The emergence of a powerful peace sentiment against war in Iraq has left its mark on all the Democratic Party presidential candidates. The 2004 elections are a major battle ground for the peace, labor, civil rights and all people’s movements. Defeating Bush and his far-right corporate apologists can only be accomplished by a highly organized, grassroots movement that keeps the pressure on all the candidates in the Democratic primary to stay focused on people’s needs and concerns. Grassroots organizing, mobilizing and education are all necessary tools to make it so.

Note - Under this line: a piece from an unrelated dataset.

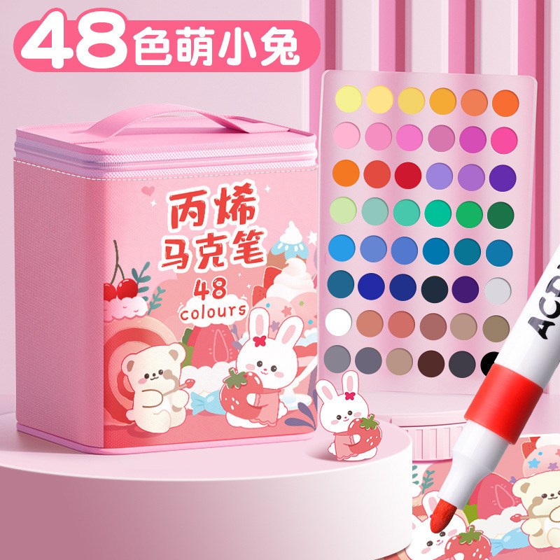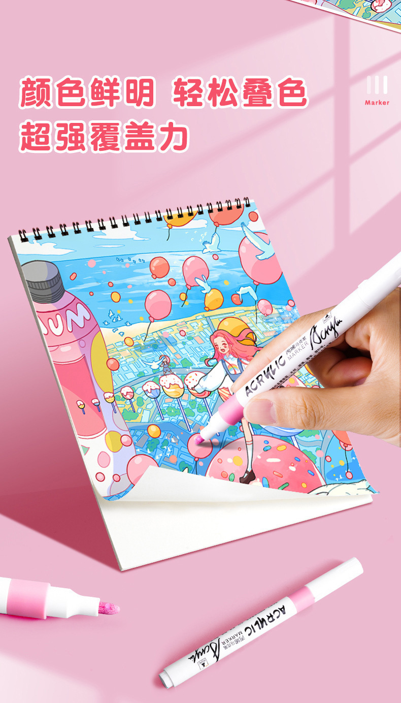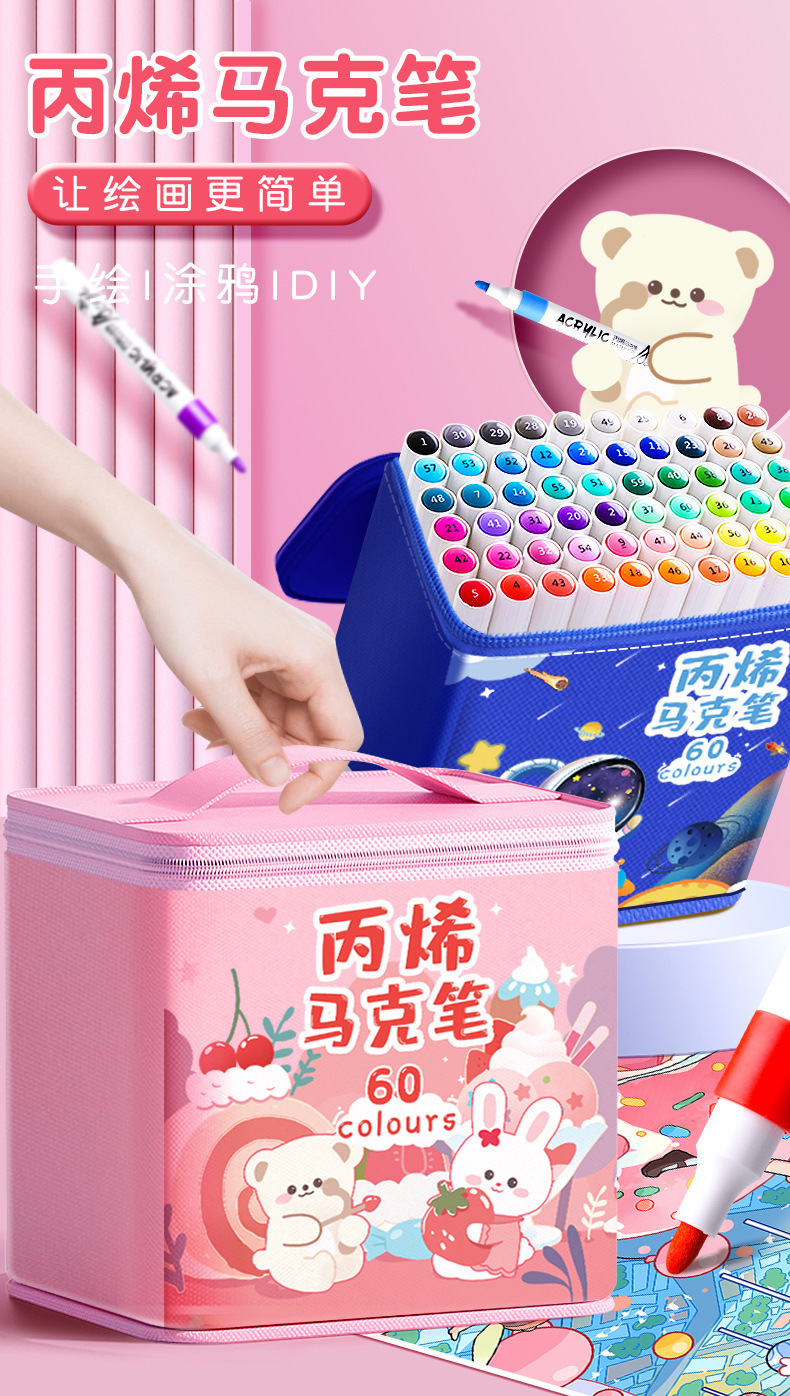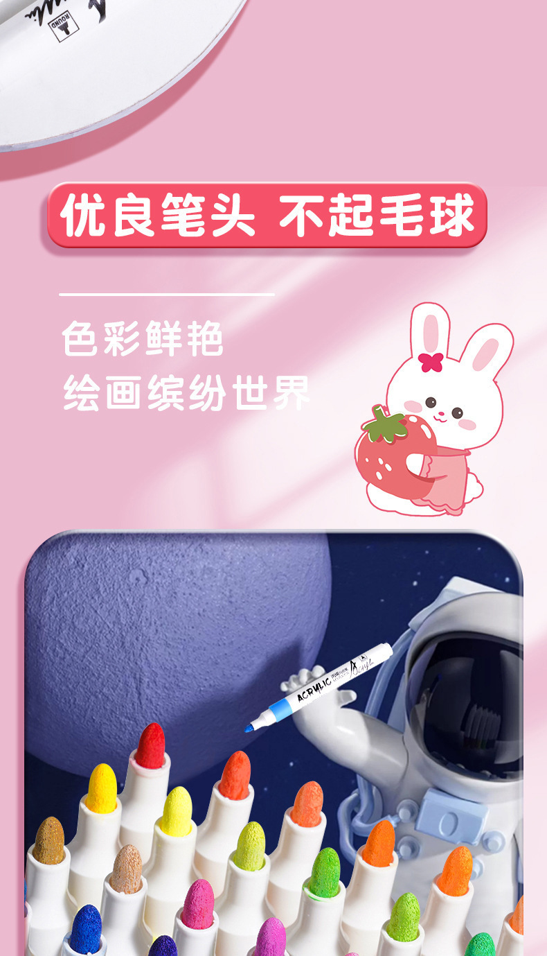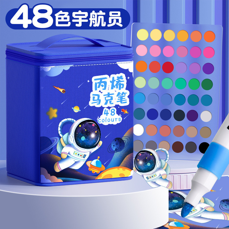 太空人丙烯马克笔儿童美术涂鸦笔不透色防水笔水洗水彩笔布袋

The recent endorsements of Howard Dean by two major unions – AFSCME and SEIU – and by former Vice President Al Gore and Rep. Jesse Jackson Jr. (D-Ill.) are a reflection of the way many at the grassroots see this upcoming, titanic battle against the multi-millionaire forces of the fanatical far right. In order to beat George W. Bush, a winning candidate needs to inspire peopleand take a fighting stance, not an accommodating one.

What is driving the sentiment at the grass roots? People are worried about the economy, health care, and how the Bushites are destabilizing the country and the world. Dean, in the midst of the war drive, took a public stand against it. And he has been skillful in tapping grassroots energy.

People want someone to stand up and fight for what’s right. But to beat George W. Bush it’s going to take a coalition even bigger than the forces now lining up behind Dean. It’s going to take a big tent approach and attitude. Important, key forces have chosen other candidates, or have yet to choose any candidate at all.

Rep. Dennis Kucinich of Ohio got it right when he said at the recent presidential debate, “To begin this kind of forum with a question about an endorsement, no matter by who, I think actually trivializes the issues that are before us.”

The key to victory is combining grassroots voter education and registration with mass mobilization on the issues.